▸ DIRECTIONS
The records that follow are to be repeated exactly, with no pictures carried over.

-------- EXERCISE INPUT --------

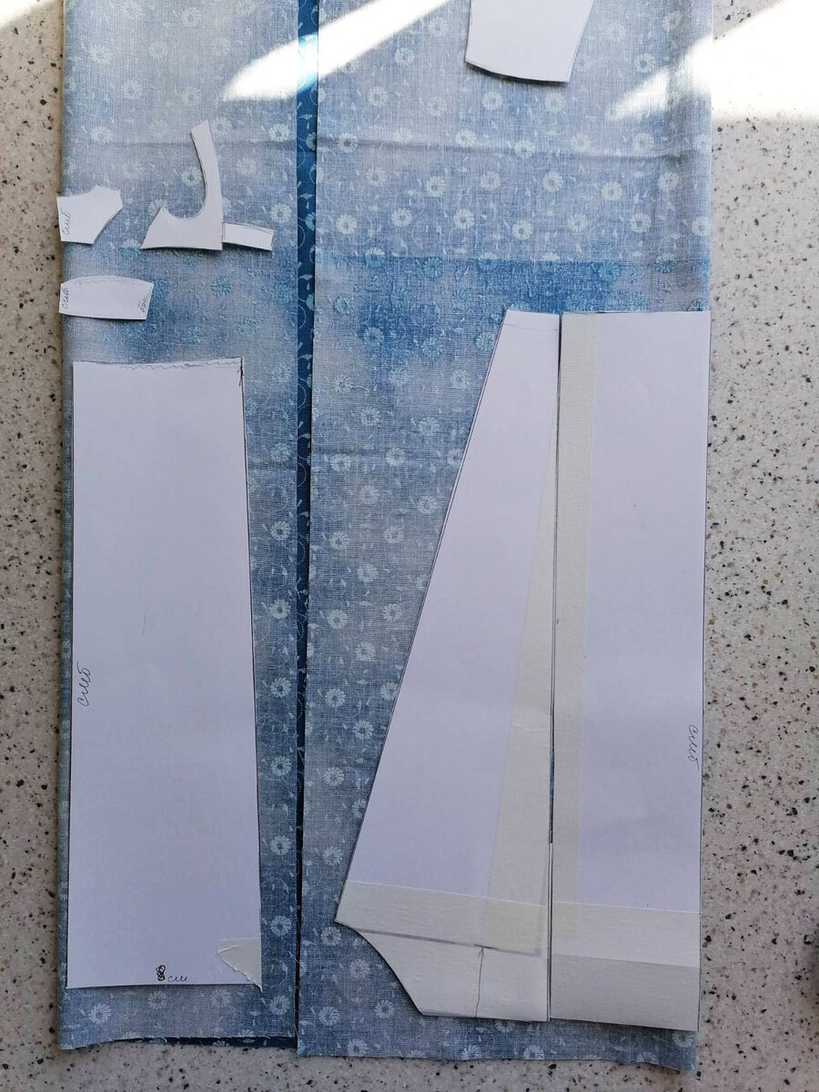 Раскроила детали. Обратите внимание, я решила прибавить со стороны сгиба по 0,5 - 1 см для большей пышности юбки и заодно показать вам как можно корректировать выкройку. Кстати, заднее полотнище я соединила с боковым и выкроила цельную деталь. Это тоже изменение. Переднюю часть лифа выкроила тоже с бОльшими припусками, потому что планирую обойтись без подкладки в этой части и, следовательно, придется делать обработку верха, а внизу пришивается пояс и нужен запас на подгиб. На полотнищах юбки тоже учитывайте запас на подгиб и обработку краев.
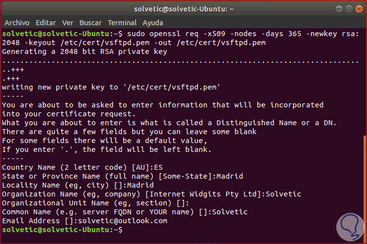 En este caso, cuando se crea el certificado se solicitan detalles como:
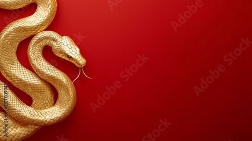 © Pichapob, Obraz premium Minimalist Interpretation of a Golden Snake on Red Background
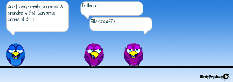 Case 1:Bird 1: Une blonde invite son amie à prendre le thé. Son amie arrive et dit : Case 2:Bird 1: Hellooo !Bird 2: Elle chauffe ! Case 3:
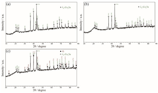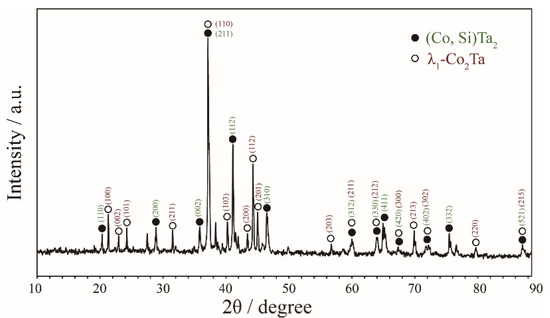 Zone 2 corresponds to the phase equilibria at the Ta-rich corner (Ta > 50 at.%). In Figure 4a, a two-phase equilibrium of (Co, Si)Ta2 (white) + λ1-Co2Ta (black) was confirmed in the Co30Ta43Si27 alloy quenching from 1100 °C based on the support of the corresponding X-ray diffraction pattern in Figure 5. As shown in Figure 4b, the Co11Ta75Si14 alloy formed a two-phase equilibrium microstructure of (Ta) + (Co, Si)Ta2 after being annealed at 900 °C. Figure 4c depicts the three-phase equilibrium of (Co, Si)Ta2 (white) + Co6Ta7 (grey) + λ1-Co2Ta (black) in Co41Ta47Si12 alloy after being annealed at 900 °C.
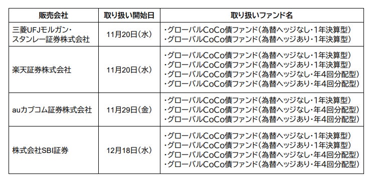「グローバルCoCo債ファンド(為替ヘッジなし・1年決算型)/(為替ヘッジあり・1年決算型)/(為替ヘッジなし・年4回分配型)/(為替ヘッジあり・年4回分配型)」の取り扱いについては以下の通りです。
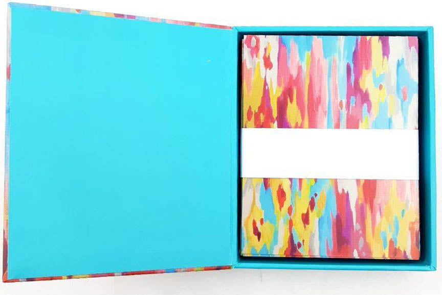 Beautiful full color notecards with artwork inspired by ikat textile designs, this boxed notecard set features vibrantly-colored abstract imagery.
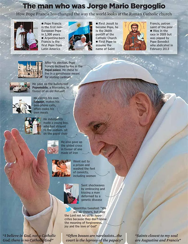 Yet there was no going back on simple human concerns. He once told an interviewer that “the two most serious evils afflicting the world today are unemployment of the young and the loneliness of the old”. The reply, to a question on the challenges before the Catholic Church, resonated across the world and especially in India, where half the population is under 25. Neither statesmen nor religious leaders, here or elsewhere, had given voice to the angst of the age quite so forcefully. A parish priest in an Italian town exclaimed that in over 35 years of service he had till now never witnessed people coming up to him on the streets to ask how they could be of some help to the poor, enough proof that the Pope’s words have found an echo. The pontiff has reached out to non-Christians and gays too, famously asking “Who am I to judge?” if a homosexual reached out to God. While the church remains opposed to same-sex unions and abortions, the shift is visible on the ground.Indeed, after the Indian Supreme Court upheld a 150-year-old law that deemed homosexuality a crime, Cardinal Oswald Gracias of Goa, one of the eight cardinals appointed by the Pope to advise him, asserted the church had never considered the gay community as criminals.
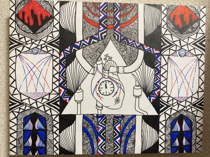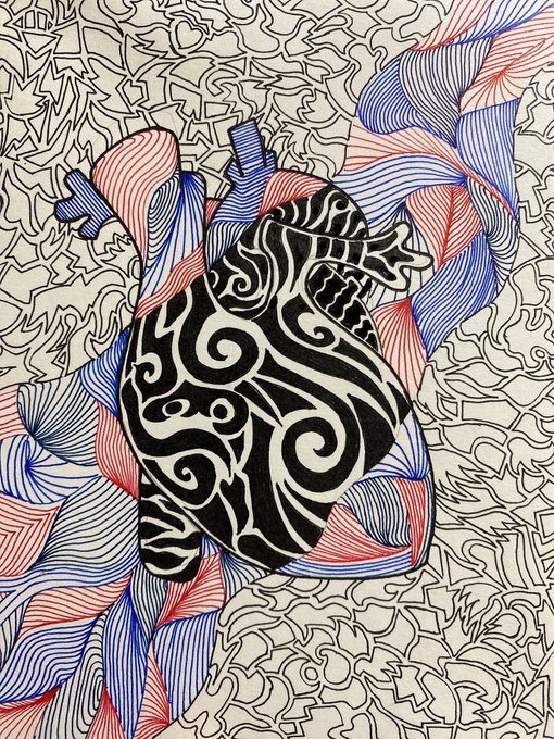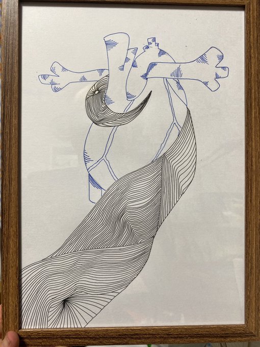 2 14 侵食 #絵描きさんと繋がりたい #絵 #線画 #ペン画 #感情 #うねうね #趣味 #心臓 22/09/02 23:07
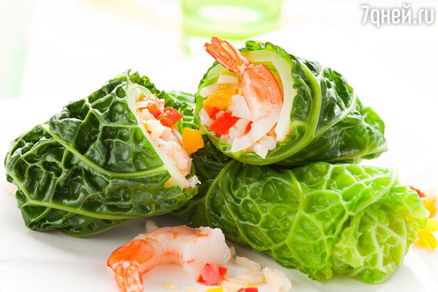 4 листа савойської капусти пару хвилин бланшувати в киплячій підсоленій воді, а потім облити холодною водою і обсушити. 150 г рису і 150 г великих очищених креветок відварити до готовності, помістити в миску, перемішати, посолити-поперчити за смаком і полити начинку 2 ст. л. соку лимона. Начинку розкласти на листі капусти і загорнути у вигляді рулетиків. У пароварку налити трохи води, помістити в неї роли і готувати їх 10 хвилин. Перед подачею на стіл розрізати кожен рол навпіл.
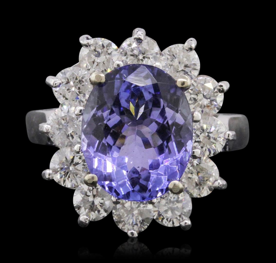 One electronically tested 14KT white gold ladies combination cast & assembled tanzanite and diamond ring with a flat shank with a bright polish finish. Identified with markings of "14K". Condition is new. Containing: One prong set oval modified brilliant cut natural tanzanite, measuring 11.08 x 9.01 x 5.62mm, approximate weight of 3.80ct., clarity is eye clean, type I, medium, moderately strong, violet color, (GIA V 5/4), cut is good. Twelve prong set round brilliant cut diamonds, measuring 3.20 - 3.20 x 1.92mm (depth est.) approximate total weight of 12 Stones = 1.44ct. Clarity: SI-2 to I-1. Color: I - J, Cut is Good. Colored gemstones are presumed to have been subjected to commonly used enhancement processes. All diamonds and colored gemstones are graded in the mounting, unless otherwise stated. Total Weight of Colored Stones 3.80ct. Total Weight of Diamonds 1.44ct. Total Weight of Ring 5.70 grams. GGL Appraised at $10,365.00.
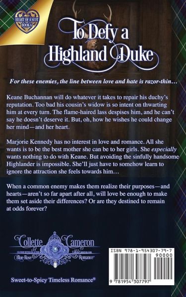 For these enemies, the line between love and hate is razor-thin... Keane Buchannan will do whatever it takes to repair his duchy's reputation. Too bad his cousin's widow is so intent on thwarting him at every turn. The flame-haired lass despises him, and he can't say he doesn't deserve it. But, oh, how he wishes he could change her mind-and her heart. Marjorie Kennedy has no interest in love and romance. All she wants is to be the best mother she can be to her girls. She especially wants nothing to do with Keane. But avoiding the sinfully handsome Highlander is impossible. She'll just have to somehow learn to ignore the attraction she feels towards him... When a common enemy makes them realize their purposes-and hearts-aren't so far apart after all, will love be enough to make them set aside their differences? Or are they destined to remain at odds forever? __________ This enthralling enemies to lovers Scottish historical by a USA Today bestselling author will have you guessing with bated breath what will happen to Keane and Marjorie next. Will they put aside their carefully laid plans and give love a chance? If you enjoy reading dukes, widows, and Highlander love stories brimming with mystery and suspense, a dash of humor, and gripping emotion, then you'll adore Collette Cameron's mesmerizing HEART OF A SCOT Series. Buy TO DEFY A HIGHLAND DUKE and settle into your favorite reading nook for a rousing Highland adventure you can't put down. Though this book can easily be read as a stand-alone, most readers prefer to read the series in order. HEART OF A SCOT SERIES: Book 1 - To Love a Highland Laird Book 2 - To Redeem a Highland Rogue Book 3 - To Seduce a Highland Scoundrel Book 4 - To Woo a Highland Warrior Book 5 - To Enchant a Highland Earl Book 6 - To Defy a Highland Duke Book 7 - To Marry a Highland Marauder Book 8 - To Bargain with a Highland Buccaneer Book 9 - A Christmas Kiss for the Highlander CHECK OUT COLLETTE'S OTHER SERIES: Daughters of Disgrace: Secrets of Scandalous Ladies Dukes Come Calling Heart of a Scot For the Love of an Earl (Wicked Earls' Club) Ladies of Opportunity The Culpepper Misses The Honorable Rogues®
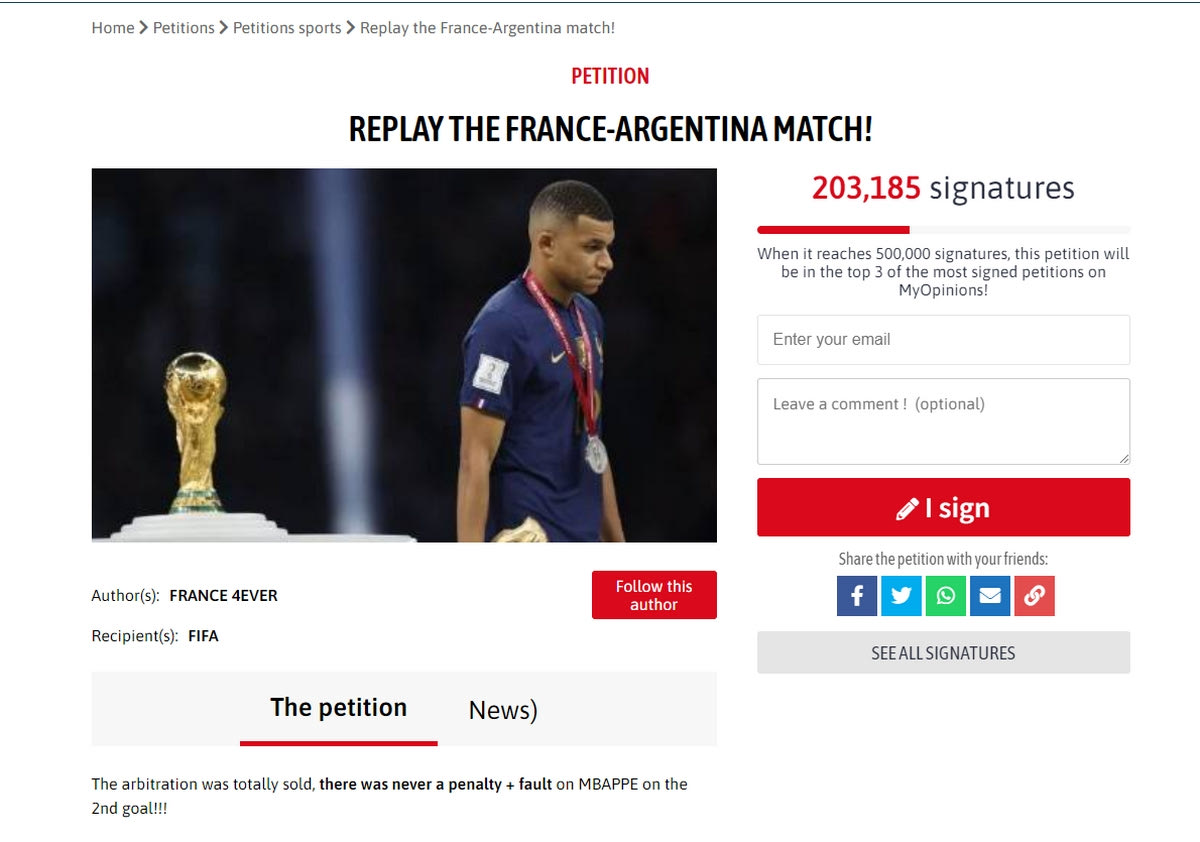 “Η διαιτησία ήταν εντελώς πουλημένη, δεν υπήρξε ποτέ πέναλτι συν φάουλ στον Εμπαπέ στο δεύτερο γκολ της Αργεντινής (του Ντι Μαρία). Υπογράψτε και διαδώστε για να ξαναγίνει το παιχνίδι”, αναφέρει η περιγραφή της αίτησης, με τις 500.000 υπογραφές να είναι το ταβάνι.

--------

▸ SOLUTION TO THIS TASK
 Раскроила детали. Обратите внимание, я решила прибавить со стороны сгиба по 0,5 - 1 см для большей пышности юбки и заодно показать вам как можно корректировать выкройку. Кстати, заднее полотнище я соединила с боковым и выкроила цельную деталь. Это тоже изменение. Переднюю часть лифа выкроила тоже с бОльшими припусками, потому что планирую обойтись без подкладки в этой части и, следовательно, придется делать обработку верха, а внизу пришивается пояс и нужен запас на подгиб. На полотнищах юбки тоже учитывайте запас на подгиб и обработку краев.
 En este caso, cuando se crea el certificado se solicitan detalles como:
 © Pichapob, Obraz premium Minimalist Interpretation of a Golden Snake on Red Background
 Case 1:Bird 1: Une blonde invite son amie à prendre le thé. Son amie arrive et dit : Case 2:Bird 1: Hellooo !Bird 2: Elle chauffe ! Case 3:
 Zone 2 corresponds to the phase equilibria at the Ta-rich corner (Ta > 50 at.%). In Figure 4a, a two-phase equilibrium of (Co, Si)Ta2 (white) + λ1-Co2Ta (black) was confirmed in the Co30Ta43Si27 alloy quenching from 1100 °C based on the support of the corresponding X-ray diffraction pattern in Figure 5. As shown in Figure 4b, the Co11Ta75Si14 alloy formed a two-phase equilibrium microstructure of (Ta) + (Co, Si)Ta2 after being annealed at 900 °C. Figure 4c depicts the three-phase equilibrium of (Co, Si)Ta2 (white) + Co6Ta7 (grey) + λ1-Co2Ta (black) in Co41Ta47Si12 alloy after being annealed at 900 °C.
「グローバルCoCo債ファンド(為替ヘッジなし・1年決算型)/(為替ヘッジあり・1年決算型)/(為替ヘッジなし・年4回分配型)/(為替ヘッジあり・年4回分配型)」の取り扱いについては以下の通りです。
 Beautiful full color notecards with artwork inspired by ikat textile designs, this boxed notecard set features vibrantly-colored abstract imagery.
 Yet there was no going back on simple human concerns. He once told an interviewer that “the two most serious evils afflicting the world today are unemployment of the young and the loneliness of the old”. The reply, to a question on the challenges before the Catholic Church, resonated across the world and especially in India, where half the population is under 25. Neither statesmen nor religious leaders, here or elsewhere, had given voice to the angst of the age quite so forcefully. A parish priest in an Italian town exclaimed that in over 35 years of service he had till now never witnessed people coming up to him on the streets to ask how they could be of some help to the poor, enough proof that the Pope’s words have found an echo. The pontiff has reached out to non-Christians and gays too, famously asking “Who am I to judge?” if a homosexual reached out to God. While the church remains opposed to same-sex unions and abortions, the shift is visible on the ground.Indeed, after the Indian Supreme Court upheld a 150-year-old law that deemed homosexuality a crime, Cardinal Oswald Gracias of Goa, one of the eight cardinals appointed by the Pope to advise him, asserted the church had never considered the gay community as criminals.
 2 14 侵食 #絵描きさんと繋がりたい #絵 #線画 #ペン画 #感情 #うねうね #趣味 #心臓 22/09/02 23:07
 4 листа савойської капусти пару хвилин бланшувати в киплячій підсоленій воді, а потім облити холодною водою і обсушити. 150 г рису і 150 г великих очищених креветок відварити до готовності, помістити в миску, перемішати, посолити-поперчити за смаком і полити начинку 2 ст. л. соку лимона. Начинку розкласти на листі капусти і загорнути у вигляді рулетиків. У пароварку налити трохи води, помістити в неї роли і готувати їх 10 хвилин. Перед подачею на стіл розрізати кожен рол навпіл.
 One electronically tested 14KT white gold ladies combination cast & assembled tanzanite and diamond ring with a flat shank with a bright polish finish. Identified with markings of "14K". Condition is new. Containing: One prong set oval modified brilliant cut natural tanzanite, measuring 11.08 x 9.01 x 5.62mm, approximate weight of 3.80ct., clarity is eye clean, type I, medium, moderately strong, violet color, (GIA V 5/4), cut is good. Twelve prong set round brilliant cut diamonds, measuring 3.20 - 3.20 x 1.92mm (depth est.) approximate total weight of 12 Stones = 1.44ct. Clarity: SI-2 to I-1. Color: I - J, Cut is Good. Colored gemstones are presumed to have been subjected to commonly used enhancement processes. All diamonds and colored gemstones are graded in the mounting, unless otherwise stated. Total Weight of Colored Stones 3.80ct. Total Weight of Diamonds 1.44ct. Total Weight of Ring 5.70 grams. GGL Appraised at $10,365.00.
 For these enemies, the line between love and hate is razor-thin... Keane Buchannan will do whatever it takes to repair his duchy's reputation. Too bad his cousin's widow is so intent on thwarting him at every turn. The flame-haired lass despises him, and he can't say he doesn't deserve it. But, oh, how he wishes he could change her mind-and her heart. Marjorie Kennedy has no interest in love and romance. All she wants is to be the best mother she can be to her girls. She especially wants nothing to do with Keane. But avoiding the sinfully handsome Highlander is impossible. She'll just have to somehow learn to ignore the attraction she feels towards him... When a common enemy makes them realize their purposes-and hearts-aren't so far apart after all, will love be enough to make them set aside their differences? Or are they destined to remain at odds forever? __________ This enthralling enemies to lovers Scottish historical by a USA Today bestselling author will have you guessing with bated breath what will happen to Keane and Marjorie next. Will they put aside their carefully laid plans and give love a chance? If you enjoy reading dukes, widows, and Highlander love stories brimming with mystery and suspense, a dash of humor, and gripping emotion, then you'll adore Collette Cameron's mesmerizing HEART OF A SCOT Series. Buy TO DEFY A HIGHLAND DUKE and settle into your favorite reading nook for a rousing Highland adventure you can't put down. Though this book can easily be read as a stand-alone, most readers prefer to read the series in order. HEART OF A SCOT SERIES: Book 1 - To Love a Highland Laird Book 2 - To Redeem a Highland Rogue Book 3 - To Seduce a Highland Scoundrel Book 4 - To Woo a Highland Warrior Book 5 - To Enchant a Highland Earl Book 6 - To Defy a Highland Duke Book 7 - To Marry a Highland Marauder Book 8 - To Bargain with a Highland Buccaneer Book 9 - A Christmas Kiss for the Highlander CHECK OUT COLLETTE'S OTHER SERIES: Daughters of Disgrace: Secrets of Scandalous Ladies Dukes Come Calling Heart of a Scot For the Love of an Earl (Wicked Earls' Club) Ladies of Opportunity The Culpepper Misses The Honorable Rogues®
 “Η διαιτησία ήταν εντελώς πουλημένη, δεν υπήρξε ποτέ πέναλτι συν φάουλ στον Εμπαπέ στο δεύτερο γκολ της Αργεντινής (του Ντι Μαρία). Υπογράψτε και διαδώστε για να ξαναγίνει το παιχνίδι”, αναφέρει η περιγραφή της αίτησης, με τις 500.000 υπογραφές να είναι το ταβάνι.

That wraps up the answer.